December 24, 2019 Minister’s Message

Dear Friends,

The daylight is once more returning. The waiting is almost over. The New Year is nearly upon us. Everything is happening again. Everything is new again. Our seasonal and holiday milestones enable us to pause and reflect on how life has changed, how the world has changed, how we have each in large and small ways changed. As we circle ‘round again to the familiar, we notice as well that change is the only constant. Whether we celebrate or lament, this is certainly true.

Our climate is changing—warming and drying and burning and melting and flooding. These processes are accelerated, and many of our siblings already suffer the effects of livelihoods and homelands destroyed. Even the United States military is preparing for the crisis to change its operations.

Our societies are changing—pressured and fractious and unjust and tested. Cultural and political claims to land and resources are contested and taxed. Humans and animals, even plants, are migrating, and rising segregation and violence are too often the response to changes in the planetary systems. And the United States responds with its physical and cultural barriers to those forced to migrate.
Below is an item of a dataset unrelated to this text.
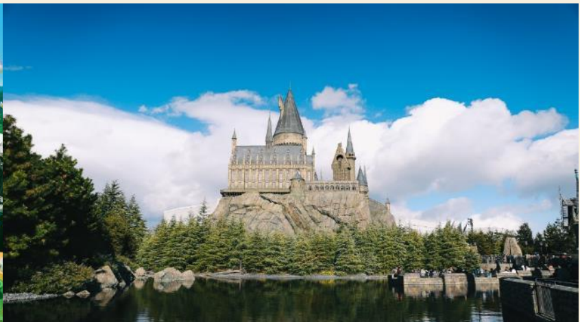
The Wizarding World Harry Potter

Our politics are changing—divided and partisan and merciless and toxic. We are living in a heightened binary of “Us against Them,” “You against Me,” the “righteous” and the “damned.” We are being called to disparage each other, to mock each other, to reject each other. “Our United States” is more separated than it has been in a hundred years, and many fear or invite violence as a solution to the splitting.

But let our values not change, and let the only change be our increased commitment to live those values fully in a changed and changing planetary, social, and political landscape. May those of us who need to acknowledge and then leverage our privilege do so. May those of us who need the courage to live as their authentic selves do so. May we all love abundantly—our family and friends, as well as our neighbors new and longstanding. May we act on our convictions—in the public square, through engagement with public officials, at the ballot box, while assisting others to exercise their rights as citizens. May we practice mercy for the most vulnerable among us—those imprisoned; those unhoused; those suffering from insecurity in health, housing, food, or companionship; those feeling loss, feeling unworthy, feeling unloved. May we hold justice-making as our highest value—questioning oppressive systems and authorities, tending to the needs of the defenseless, listening to the voices who experience injustice intimately. May we live and love and work in the spirit of Beloved Community—when all barriers are brought down, when all differences of gender and sexuality and history and experience are held reverently, when conflict is merely a means to fuller understanding, acceptance, and love.

I will see you again in 2020, my friends. Until then, remember, always, that you are loved, you are worthy, you are welcome, and you are needed. May you feel it so. And Amen.